Supplied data:
_ _ _

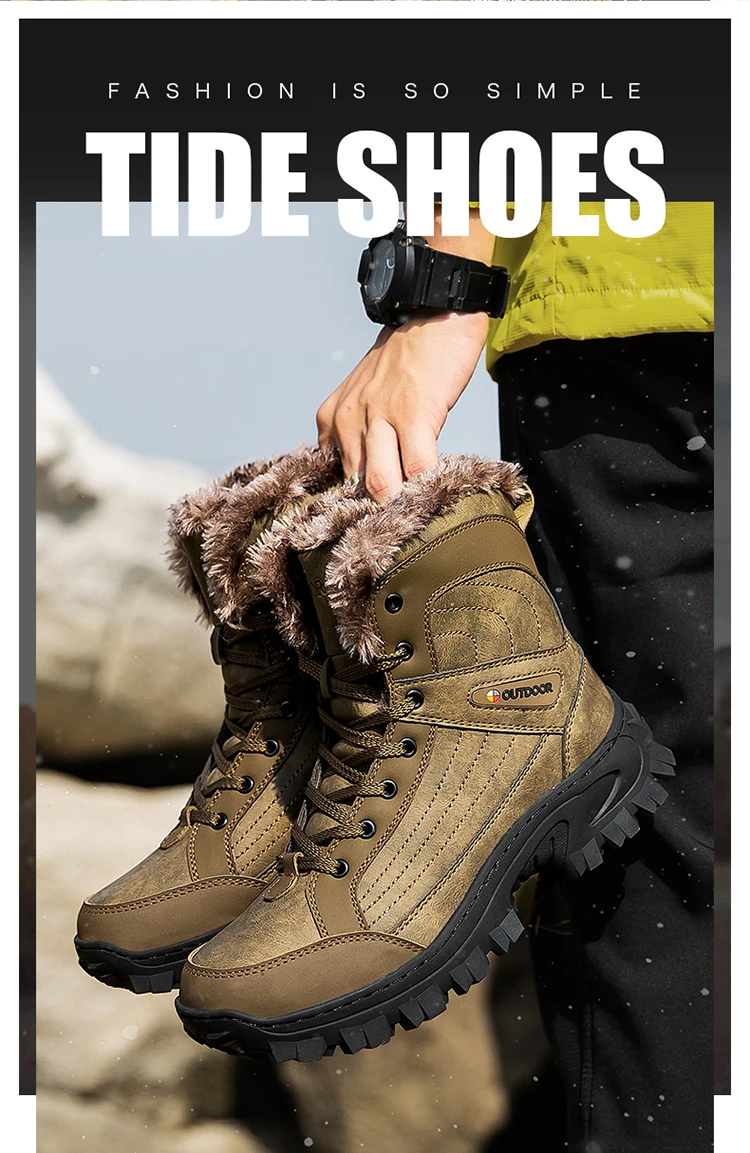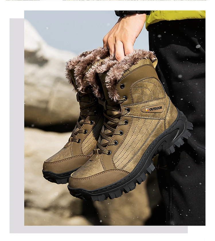 Мужские походные ботинки BETOOSEN, зимние водонепроницаемые ботинки с меховой подкладкой
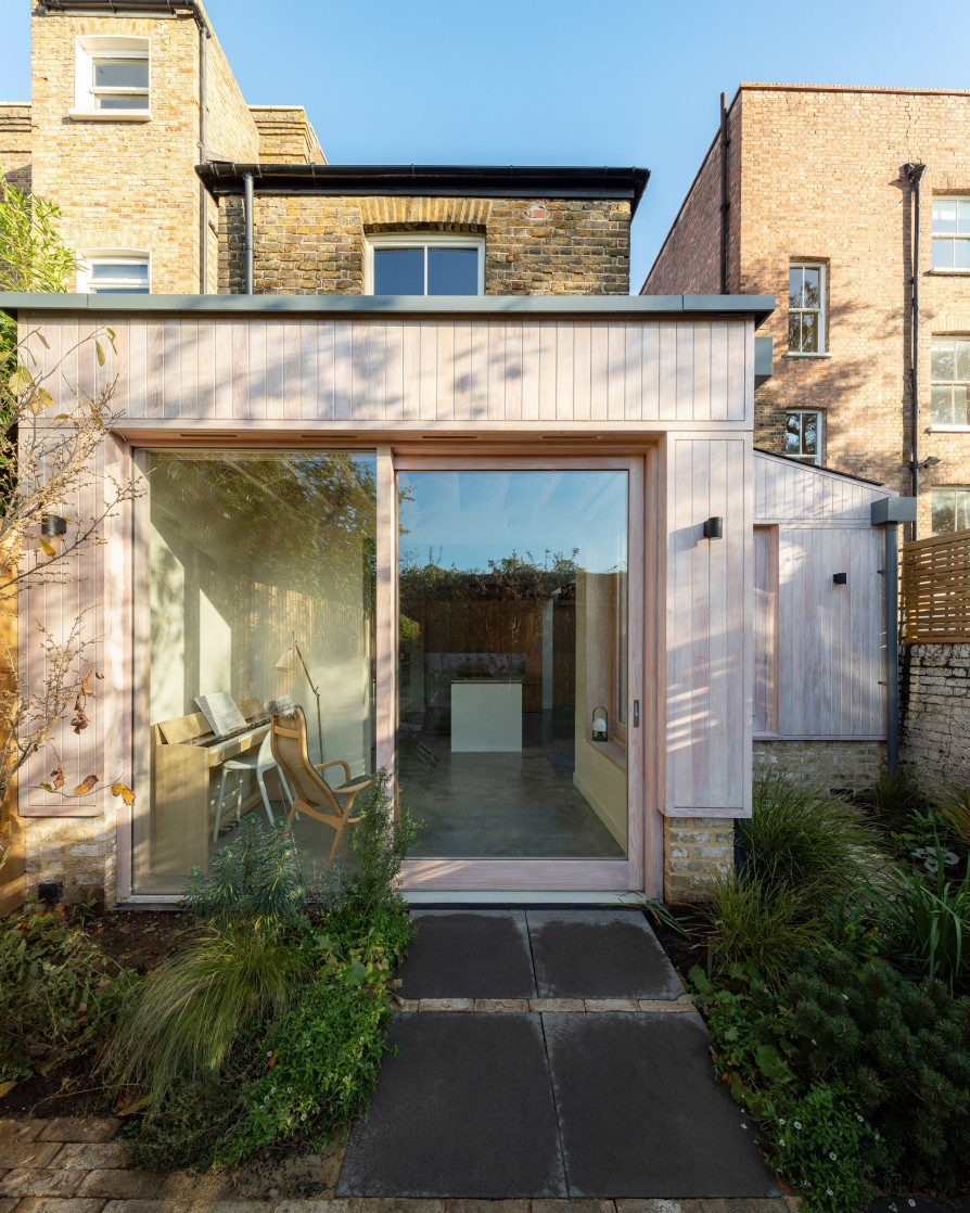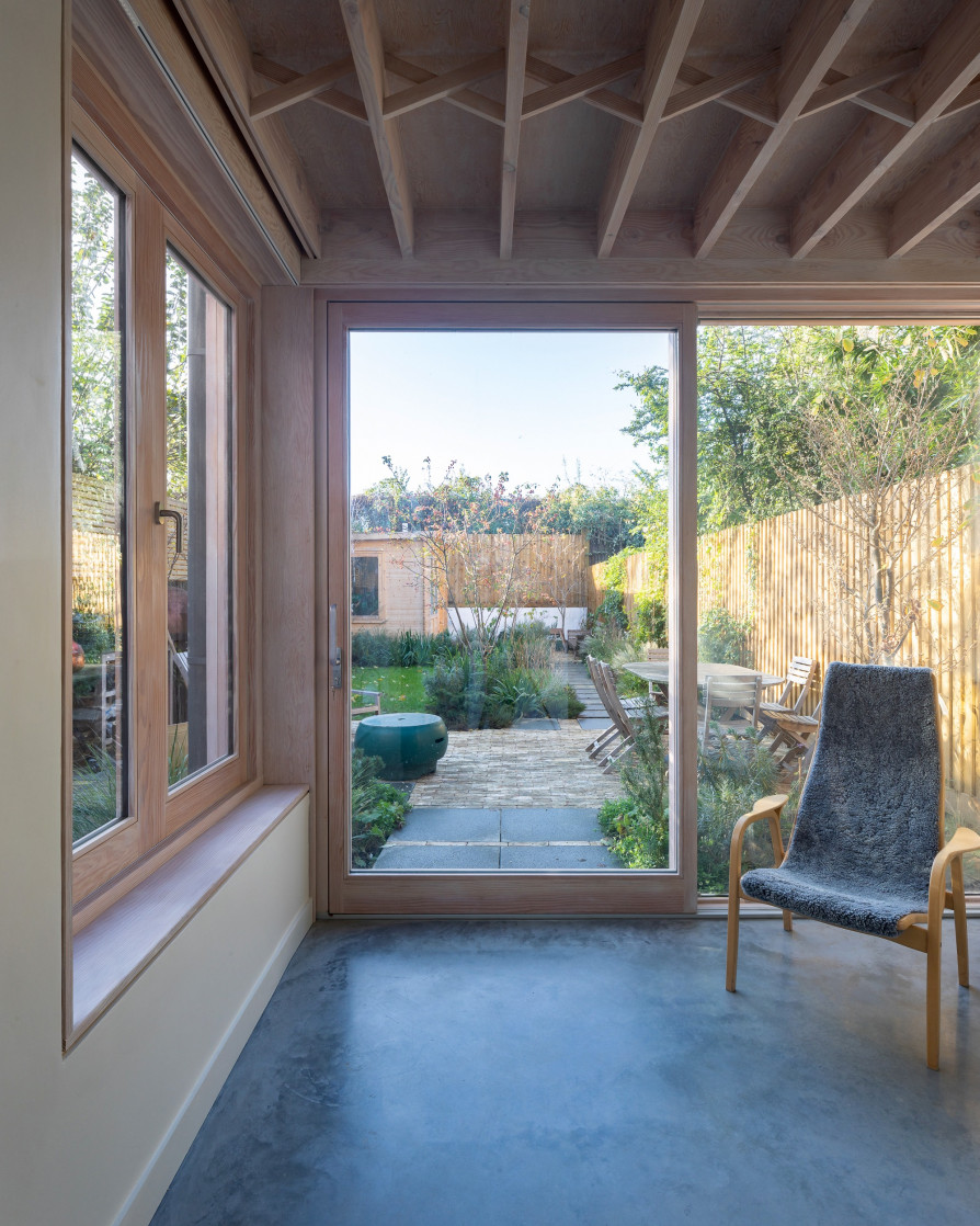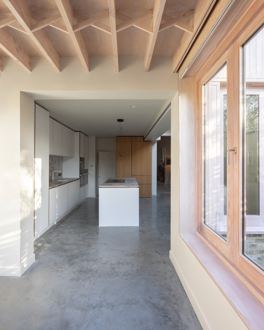 The new extension is articulated internally with an exposed Douglas fir structure with herringbone noggins providing a nod toward the structural techniques found within the floor structure of the original house.
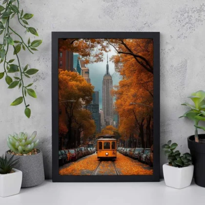 A Beautiful Newyork Autumn Season with Nature & Train | Home Decor Frame
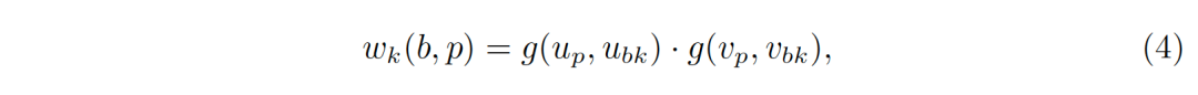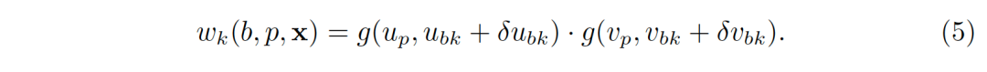 其中,g(a,b)=max(0,1-|a-b|)表示一个维度上线性插值的权重。注意公式(4)中的权重只有在采样点(u_bk,v_bk)周围最近的四个坐标才非零。

_ _ _

I would like the data above transcribed exactly, with its pictures left out.

Solution for this task:
 Мужские походные ботинки BETOOSEN, зимние водонепроницаемые ботинки с меховой подкладкой
 The new extension is articulated internally with an exposed Douglas fir structure with herringbone noggins providing a nod toward the structural techniques found within the floor structure of the original house.
 A Beautiful Newyork Autumn Season with Nature & Train | Home Decor Frame
 其中,g(a,b)=max(0,1-|a-b|)表示一个维度上线性插值的权重。注意公式(4)中的权重只有在采样点(u_bk,v_bk)周围最近的四个坐标才非零。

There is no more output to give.